US Census Bureau Data (Undergrad Research Project)
Project objective and overview:
I was very fortunate to be working with Dr. Heather Kitada-Smalley during my undergraduate experience at Willamette University. Her goal was to analyze public opinion of the controversy on adding a citizenship question to the 2020 census. The motivation behind the project was mostly rooted in my professor's personal interest in the topic, and I was excited to be working with a random sample of the massive dataset from X (formerly Twitter). The dataset took up 10 GB of space, so I had to work on external storage.
The premise of the controversy is that advocates assert that a citizenship question on the census would benefit the legitimacy of the then-upcoming 2020 Census which would have been critical to political redistricting and, in effect, the outcome of the 2020 US presidential election. From the data, it seemed that proponents argued that the citizenship question could be used to distinguish people living in the United States with and without citizenship which could then be used to ensure that only citizens of the US who are registered to vote would be voting in the election.

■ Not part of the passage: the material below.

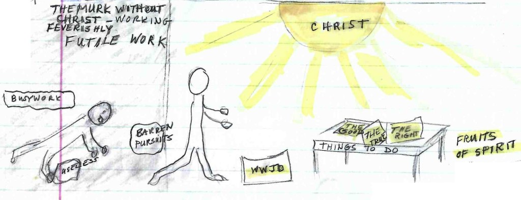 Paul talks to us here about how our lives should be different when we are believers in The Way than they were before we were saved. Faith not only changes us inside, but grows to be more and more visible as our relationship with God grows deeper. He starts by telling us, “Watch what God does, and then you do it.” Then he says, “You groped your way through that murk once, but no longer. You’re out in the open now. The bright light of Christ makes your way plain.” No more excuses.
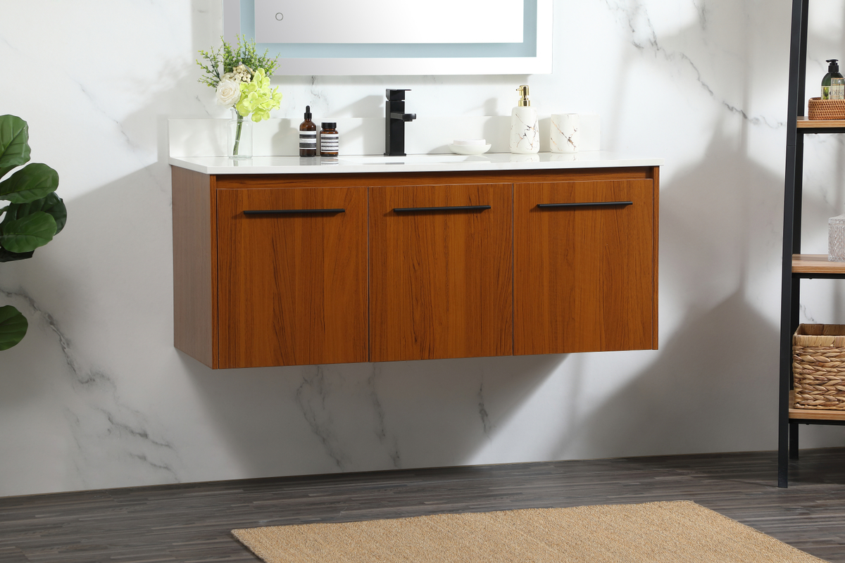 48 inch Single bathroom vanity in teak with backsplash

The opposition argued that the citizenship question had no place as a question on the Census because the point of a census is to survey every member of a population. They ultimately make the case that the goal of the US Census should be to better understand relevant features of the country's population to better allocate resources to support cities and the residents in those cities, thus the question of one's citizenship would be irrelevant.

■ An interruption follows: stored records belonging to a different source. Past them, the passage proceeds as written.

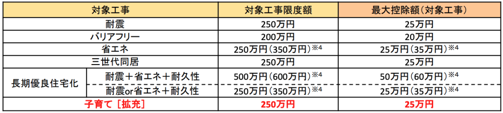 こちらも子育て世帯および若者夫婦世帯に限り、リフォームにかかる所得税の特例措置が拡大します。これまで控除の対象となっていたリフォームは次の通りですが、これらに加え「子育てに対応した住宅へのリフォーム」が加わります。
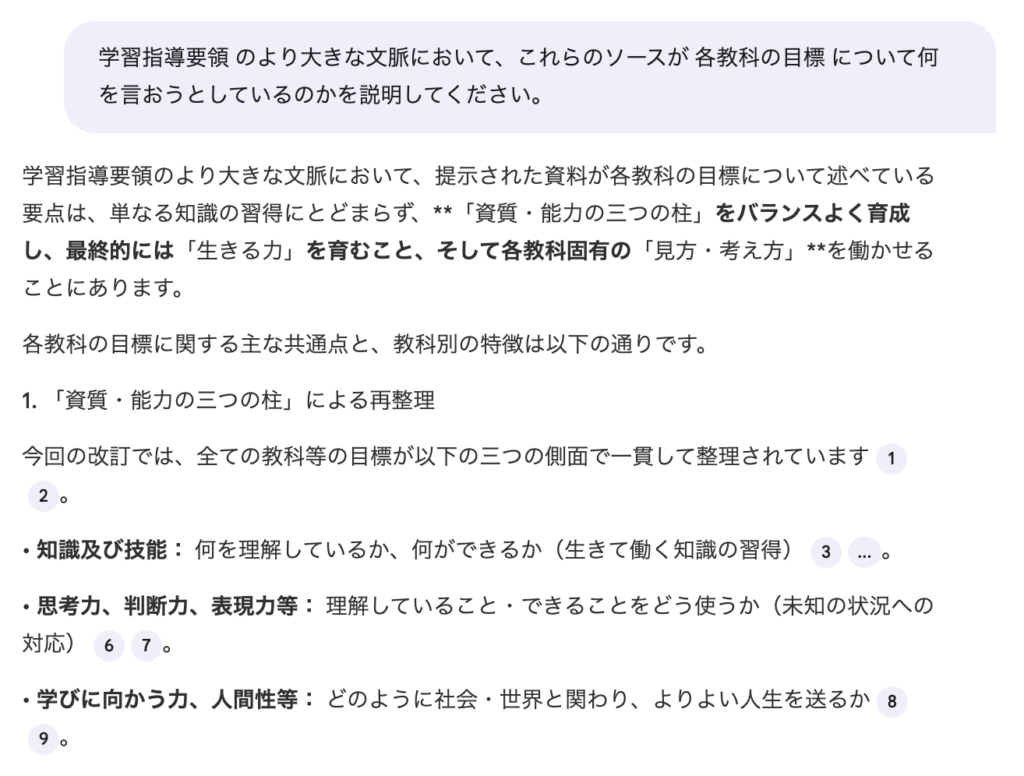 しかしNotebookLMは違います。あなたが読み込ませた参考書やPDF、Webページだけを情報源にして答えてくれます。
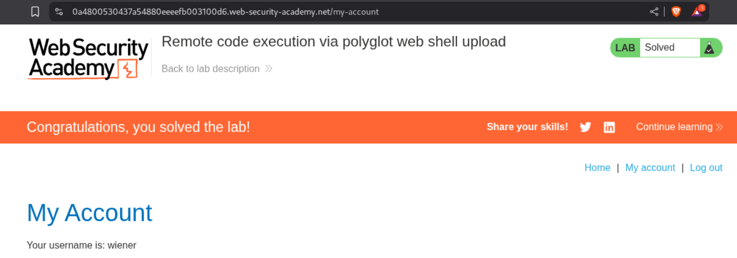 6. Remote code execution via polyglot web shell upload

The dataset was compiled by scraping the X platform of all tweets using specific keywords that were ostensibly "census," "census bureau," "(Donald) Trump," "Wilbur Ross," "DOJ," and other words and names that were critical to the controversy. The particular scraping methodology was abstracted and is inferred based on my experience with the sample dataset. My primary responsibility involved populating the sample dataset with a human-set ground truth as to whether or not a given tweet was specifically referring to the US 2020 Census as opposed to, say, a census of animals for some wildlife preservation purposes.
This page and the deliverable are being created asynchronously.